• _RECORDS FOR THE EXERCISE_:

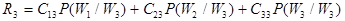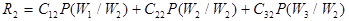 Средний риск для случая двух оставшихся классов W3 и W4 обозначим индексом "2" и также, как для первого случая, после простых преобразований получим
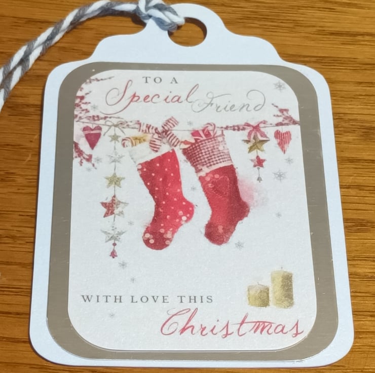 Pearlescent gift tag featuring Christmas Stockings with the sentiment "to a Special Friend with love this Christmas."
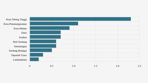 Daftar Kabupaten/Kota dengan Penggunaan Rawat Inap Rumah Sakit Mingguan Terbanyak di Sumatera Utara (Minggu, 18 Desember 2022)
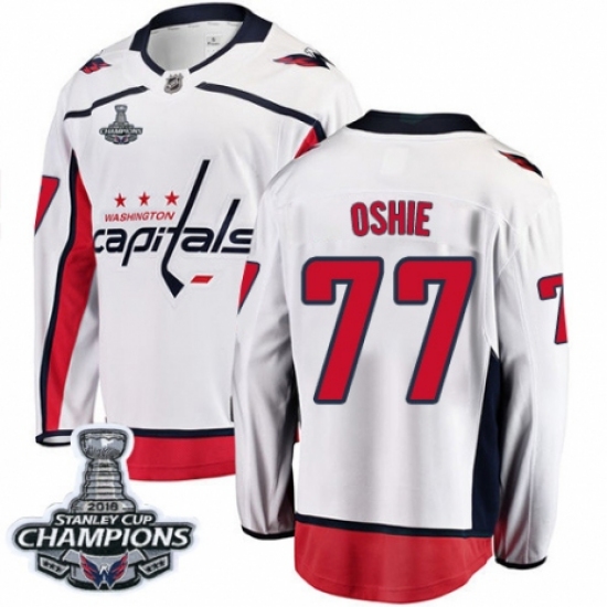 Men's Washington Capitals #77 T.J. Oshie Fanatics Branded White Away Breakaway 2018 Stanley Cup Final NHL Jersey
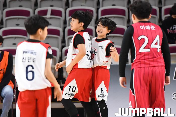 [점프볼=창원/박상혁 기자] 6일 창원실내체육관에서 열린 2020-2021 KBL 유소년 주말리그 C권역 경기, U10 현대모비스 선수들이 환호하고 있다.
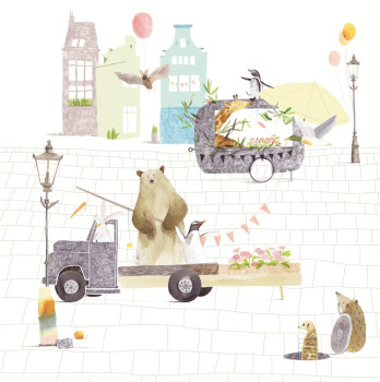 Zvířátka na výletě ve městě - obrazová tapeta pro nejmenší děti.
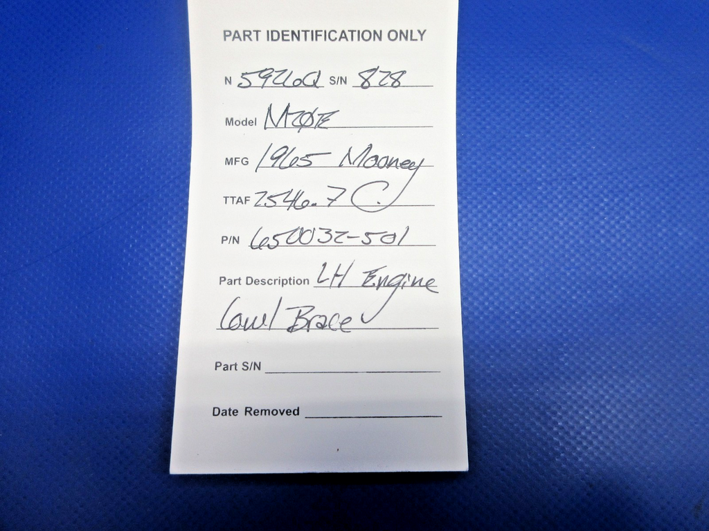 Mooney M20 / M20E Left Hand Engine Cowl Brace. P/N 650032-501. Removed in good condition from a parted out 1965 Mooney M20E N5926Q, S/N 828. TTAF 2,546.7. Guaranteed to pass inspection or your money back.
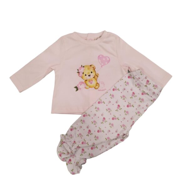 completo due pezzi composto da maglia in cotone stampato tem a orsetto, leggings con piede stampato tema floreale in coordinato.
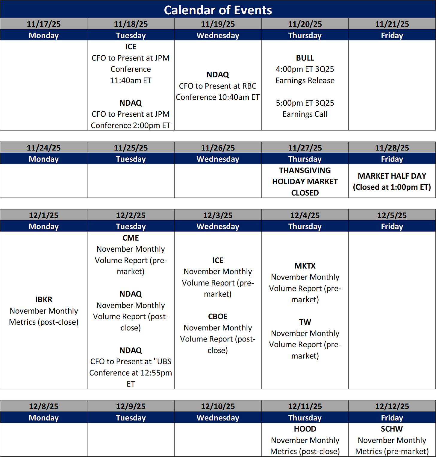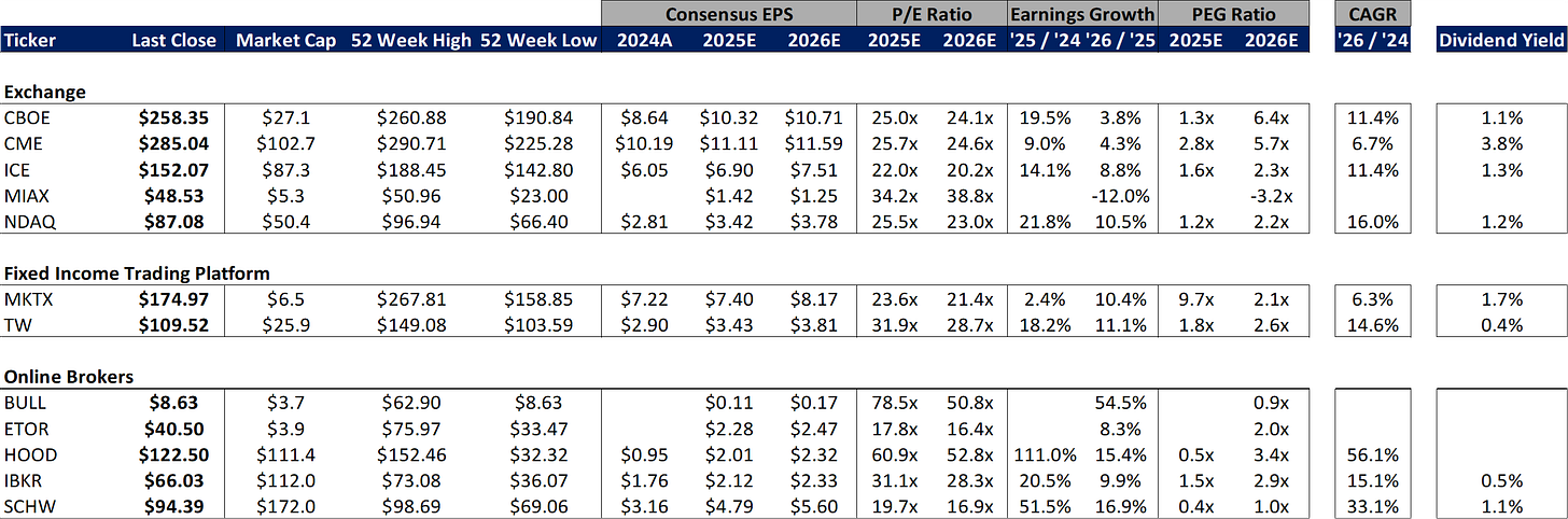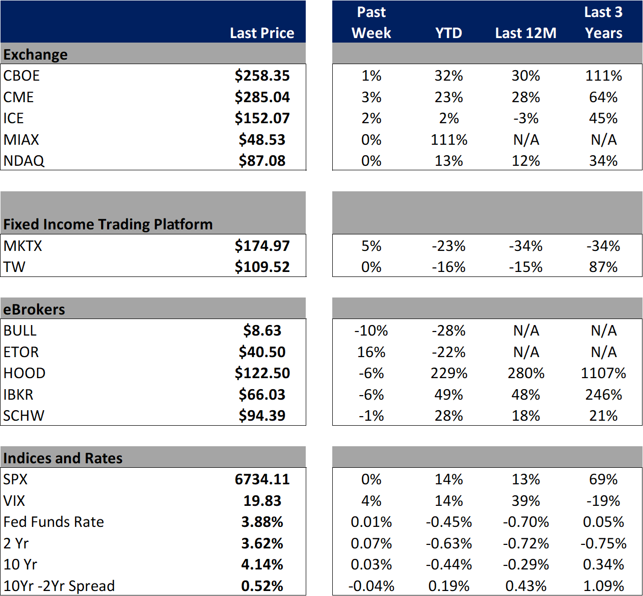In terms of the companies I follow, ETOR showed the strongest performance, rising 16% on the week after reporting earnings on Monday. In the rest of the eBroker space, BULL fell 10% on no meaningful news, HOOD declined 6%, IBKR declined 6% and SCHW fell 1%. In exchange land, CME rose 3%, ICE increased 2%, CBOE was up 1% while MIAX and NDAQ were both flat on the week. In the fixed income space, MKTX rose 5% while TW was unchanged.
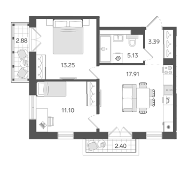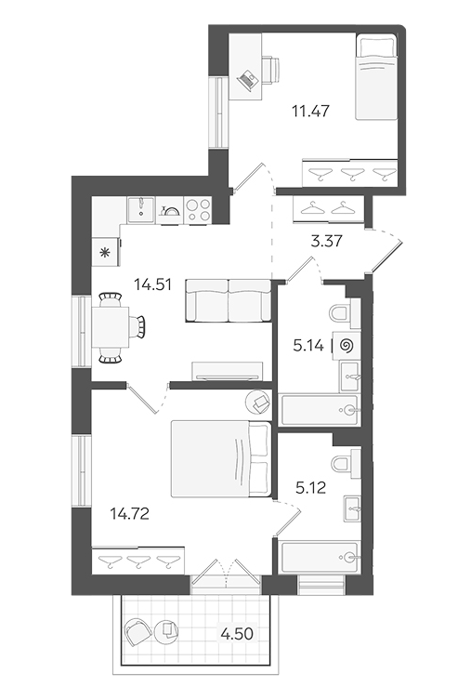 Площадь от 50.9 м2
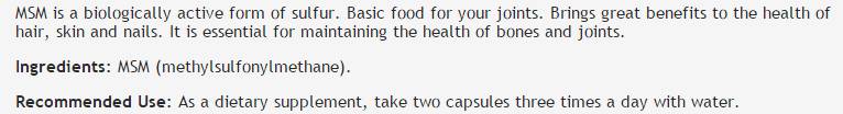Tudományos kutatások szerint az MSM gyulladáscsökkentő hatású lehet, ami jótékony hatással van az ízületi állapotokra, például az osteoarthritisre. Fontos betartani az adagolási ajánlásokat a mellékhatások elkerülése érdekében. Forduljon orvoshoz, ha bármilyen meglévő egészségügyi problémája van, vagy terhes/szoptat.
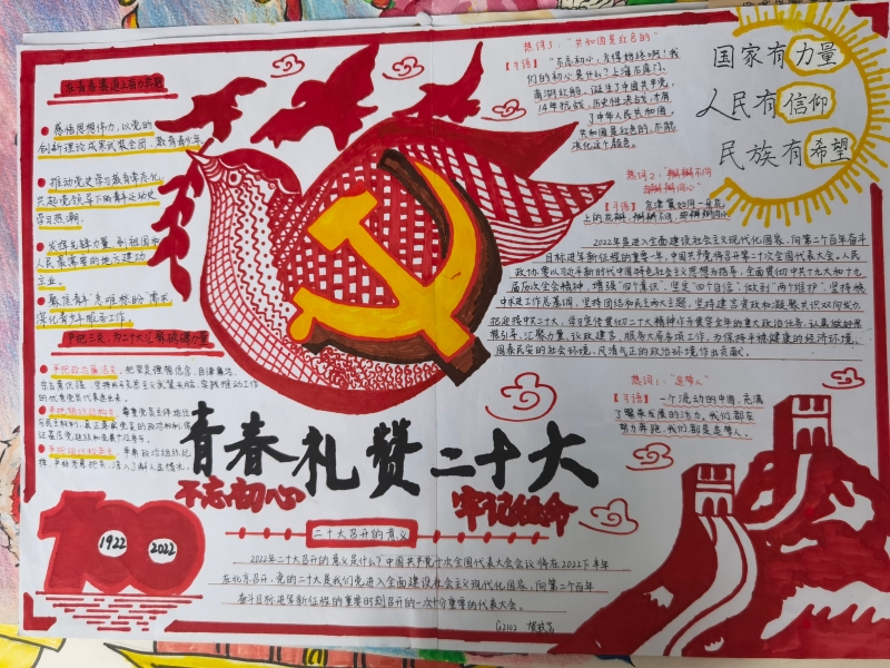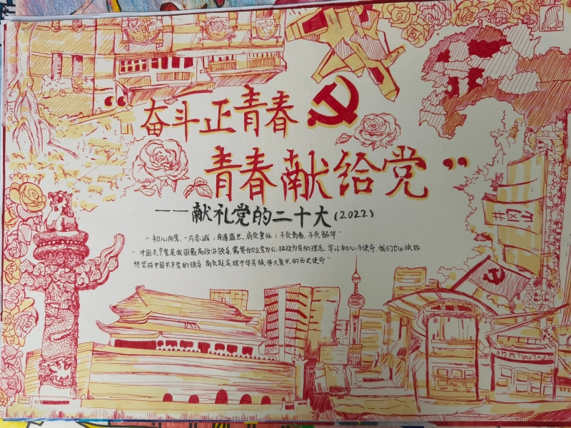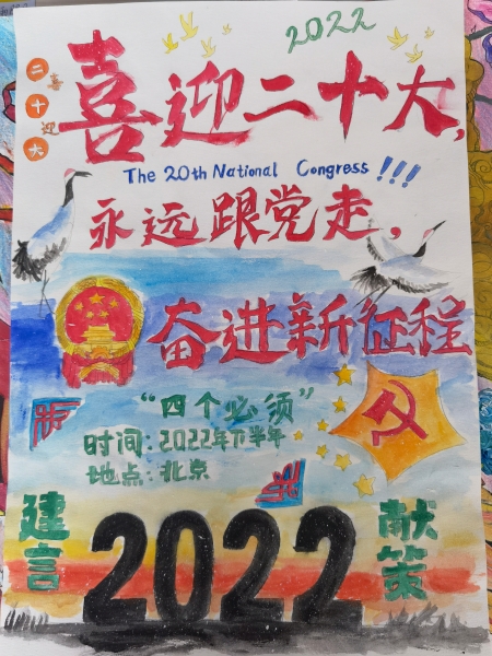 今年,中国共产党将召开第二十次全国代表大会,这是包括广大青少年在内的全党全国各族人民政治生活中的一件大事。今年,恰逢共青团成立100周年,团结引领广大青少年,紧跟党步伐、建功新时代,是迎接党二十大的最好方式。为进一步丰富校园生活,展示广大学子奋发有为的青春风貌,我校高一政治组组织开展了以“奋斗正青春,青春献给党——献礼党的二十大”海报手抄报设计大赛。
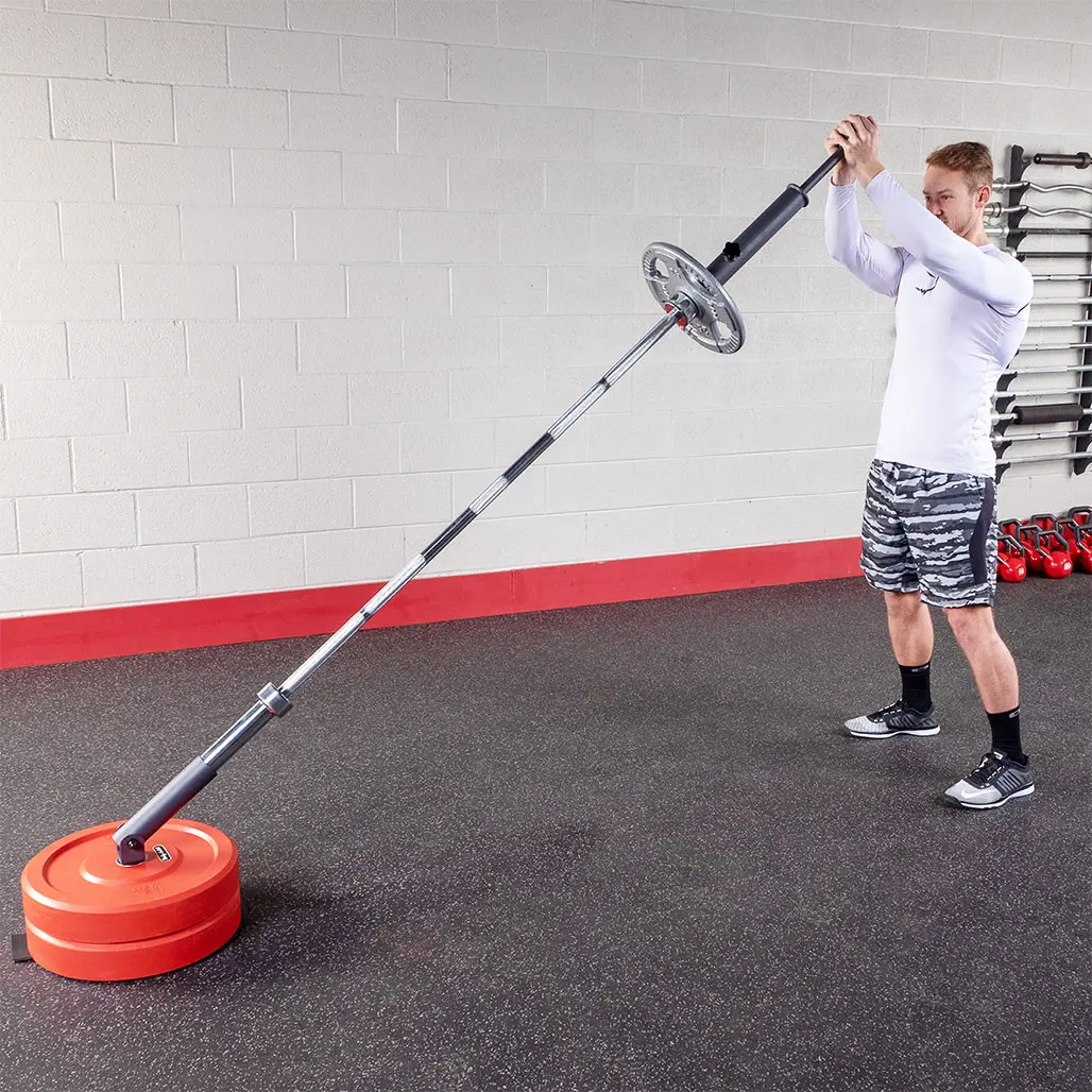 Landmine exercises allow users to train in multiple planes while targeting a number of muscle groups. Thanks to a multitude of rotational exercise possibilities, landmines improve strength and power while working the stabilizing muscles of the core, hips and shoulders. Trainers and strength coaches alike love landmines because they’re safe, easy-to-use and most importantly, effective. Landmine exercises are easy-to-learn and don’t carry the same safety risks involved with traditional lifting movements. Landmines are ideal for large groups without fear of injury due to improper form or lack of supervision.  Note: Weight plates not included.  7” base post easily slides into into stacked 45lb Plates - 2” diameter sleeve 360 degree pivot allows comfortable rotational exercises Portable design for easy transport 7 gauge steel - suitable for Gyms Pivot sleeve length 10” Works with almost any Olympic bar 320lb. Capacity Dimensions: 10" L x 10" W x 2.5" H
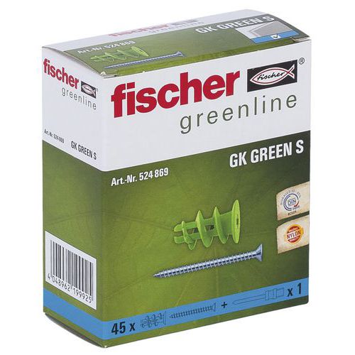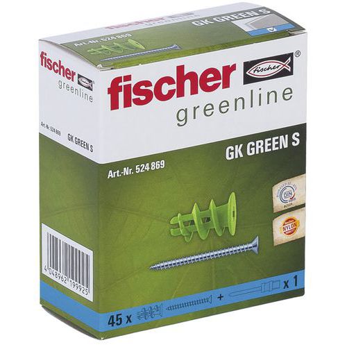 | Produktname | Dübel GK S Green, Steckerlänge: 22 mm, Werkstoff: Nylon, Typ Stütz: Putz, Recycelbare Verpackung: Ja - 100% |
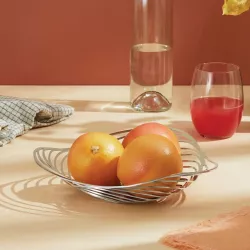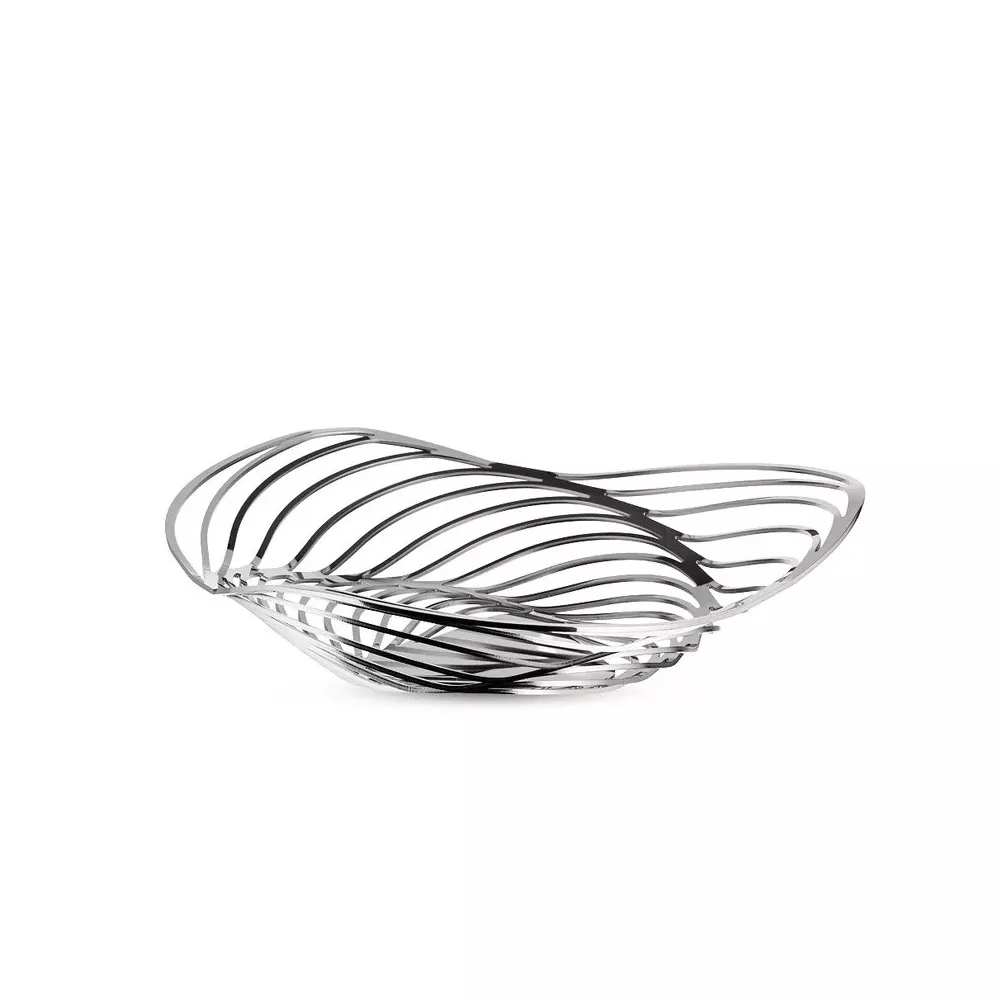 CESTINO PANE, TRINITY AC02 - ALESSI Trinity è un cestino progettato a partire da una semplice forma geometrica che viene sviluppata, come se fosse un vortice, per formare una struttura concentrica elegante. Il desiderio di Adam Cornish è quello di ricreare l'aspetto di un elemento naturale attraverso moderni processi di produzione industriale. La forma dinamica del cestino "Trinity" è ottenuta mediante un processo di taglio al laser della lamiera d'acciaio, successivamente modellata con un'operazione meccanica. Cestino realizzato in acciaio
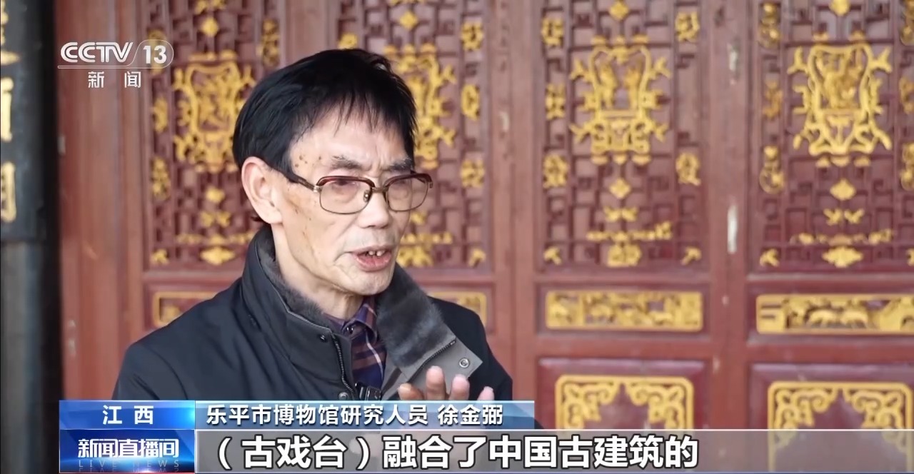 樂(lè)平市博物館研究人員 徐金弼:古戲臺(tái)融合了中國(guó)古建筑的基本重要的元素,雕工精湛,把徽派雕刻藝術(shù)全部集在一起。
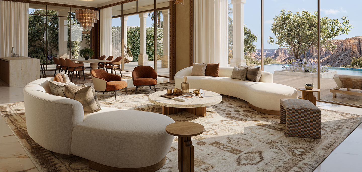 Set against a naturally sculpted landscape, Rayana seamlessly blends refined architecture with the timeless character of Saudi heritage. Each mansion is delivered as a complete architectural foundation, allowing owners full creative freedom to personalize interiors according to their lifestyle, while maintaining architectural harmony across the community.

• _PROBLEM_: A clean copy is needed of the lines above from the one with "Площадь от 50.9 м2" up to and including the one with "Tudományos kutatások szerint". Please set it down exactly, with no pictures.

• _SOLUTION TO THIS TASK_:
 Площадь от 50.9 м2
Tudományos kutatások szerint az MSM gyulladáscsökkentő hatású lehet, ami jótékony hatással van az ízületi állapotokra, például az osteoarthritisre. Fontos betartani az adagolási ajánlásokat a mellékhatások elkerülése érdekében. Forduljon orvoshoz, ha bármilyen meglévő egészségügyi problémája van, vagy terhes/szoptat.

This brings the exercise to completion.